§ What needs to be done
Copy out all the lines of the data precisely, omitting any pictures.

§ Source data
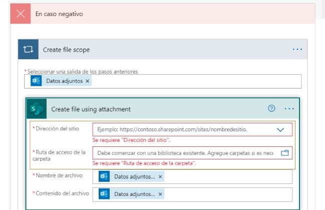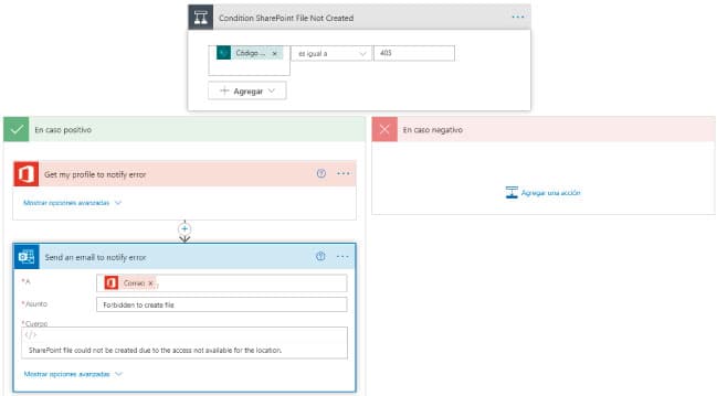 Con ello, si por alguna razón no puede crear el archivo o guardar el adjunto en la librería de Sharepoint, enviará un email al usuario. En este caso el código de error será el 403.
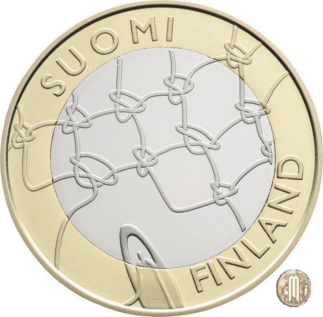 5 Euro 2011 Åland - Suomen maakuntarahalla Dritto: In primo piano una rete da pescatore nella fase della realizzazione, a simboleggiare l'arte della pesca. Sul giro la legenda 'SUOMI FINLAND'. Verso: Al centro: stemma della provincia e iniziale dell'autore. A sinistra e in basso in circolo: valore facciale. A destra: simbolo di zecca. In alto, in circolo: anno di emissione. | |
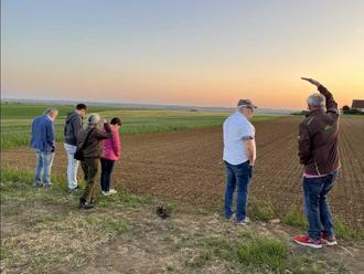 Nach der Rückfahrt zum Ausgangspunkt stand die Betriebsbesichtigung Biohof der Familie Markert auf dem Programm. Seit ca. 2015 hat sich die Familie Markert der biologischen Landwirtschaft verschrieben und verkauft die meisten ihrer Vielzahl an Produkten auch auf dem eigenen Hof. Rüdiger Markert stellte auch die Fläche vor, die in diesem Jahr mit Chia angesät wurde. Durch die extrem kleinen Samen eine besondere Herausforderung. Als sich die Teilnehmer dann am Ende bei verschiedenen selbstgebackenen Quiches mit Zwiebeln und Wirsing auf Dinkelbasis stärken, beantworten Manuela, Rüdiger, Noah und Niklas Markert gerne noch offene Fragen.

§ Answer section
 Con ello, si por alguna razón no puede crear el archivo o guardar el adjunto en la librería de Sharepoint, enviará un email al usuario. En este caso el código de error será el 403.
 5 Euro 2011 Åland - Suomen maakuntarahalla Dritto: In primo piano una rete da pescatore nella fase della realizzazione, a simboleggiare l'arte della pesca. Sul giro la legenda 'SUOMI FINLAND'. Verso: Al centro: stemma della provincia e iniziale dell'autore. A sinistra e in basso in circolo: valore facciale. A destra: simbolo di zecca. In alto, in circolo: anno di emissione. | |
 Nach der Rückfahrt zum Ausgangspunkt stand die Betriebsbesichtigung Biohof der Familie Markert auf dem Programm. Seit ca. 2015 hat sich die Familie Markert der biologischen Landwirtschaft verschrieben und verkauft die meisten ihrer Vielzahl an Produkten auch auf dem eigenen Hof. Rüdiger Markert stellte auch die Fläche vor, die in diesem Jahr mit Chia angesät wurde. Durch die extrem kleinen Samen eine besondere Herausforderung. Als sich die Teilnehmer dann am Ende bei verschiedenen selbstgebackenen Quiches mit Zwiebeln und Wirsing auf Dinkelbasis stärken, beantworten Manuela, Rüdiger, Noah und Niklas Markert gerne noch offene Fragen.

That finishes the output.